##### Dataset excerpt #####

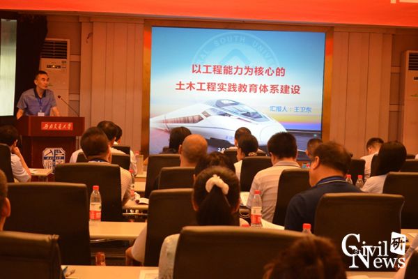 副院长、重载铁路工程结构教育部重点实验室主任王卫东教授做了关于“以工程能力为核心的土木工程专业实践教育体系建设”的报告。
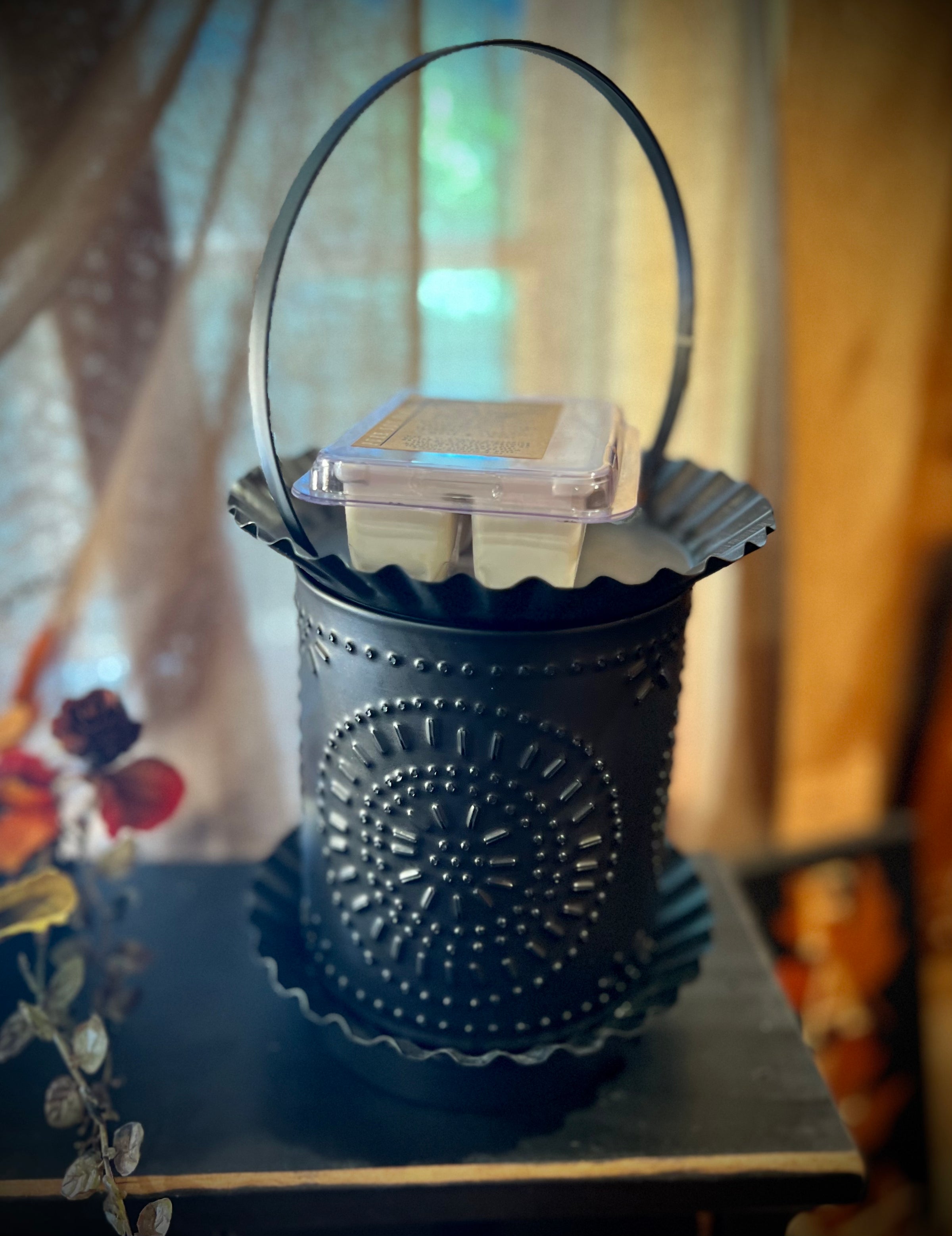 Simply place a wax melt in the lid, turn on the light, and in about an hour, the wax melts and fills the room with fragrance! Perfect for kitchens, bedrooms, powder rooms, and almost any room in your home! It is easy to clean; just place the removable lid in your freezer for an hour, and the used wax pops right out. Wired with one E12/Candelabra socket, 40 watts max. It has a 3-ft cord and a line switch. Bulb included. Handcrafted in Pennsylvania.
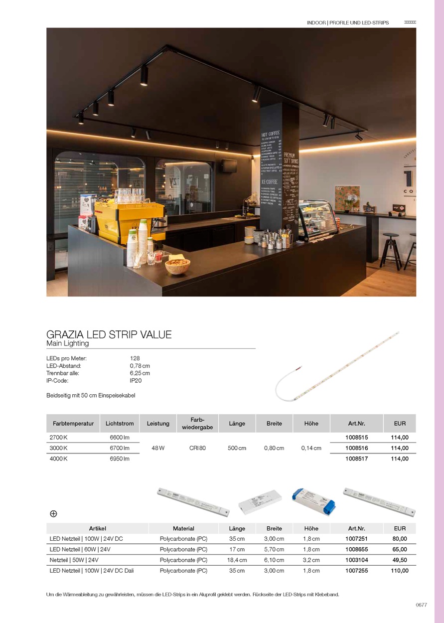Weiterführende Links zu "LED Strip GRAZIA Value, 24V DC, 128 48W LED/m, 2700K, 500cm"
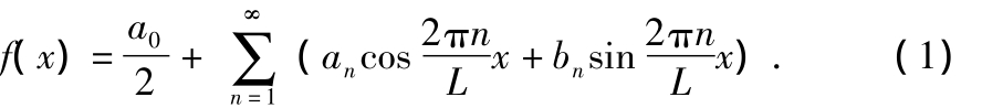 对理想的光栅莫尔条纹信号,其波形是以莫尔条纹间距L为周期的三角波(即以L为周期的非正弦信号),因此,可以用傅里叶级数来表示该信号。以f(x)表示此三角波的光通量,则有

#####

With the pictures excluded, the line containing "Simply place a" and every line after it through the end of the data above are to be transcribed exactly, and nothing more.

** Exercise answer **
 Simply place a wax melt in the lid, turn on the light, and in about an hour, the wax melts and fills the room with fragrance! Perfect for kitchens, bedrooms, powder rooms, and almost any room in your home! It is easy to clean; just place the removable lid in your freezer for an hour, and the used wax pops right out. Wired with one E12/Candelabra socket, 40 watts max. It has a 3-ft cord and a line switch. Bulb included. Handcrafted in Pennsylvania.
Weiterführende Links zu "LED Strip GRAZIA Value, 24V DC, 128 48W LED/m, 2700K, 500cm"
 对理想的光栅莫尔条纹信号,其波形是以莫尔条纹间距L为周期的三角波(即以L为周期的非正弦信号),因此,可以用傅里叶级数来表示该信号。以f(x)表示此三角波的光通量,则有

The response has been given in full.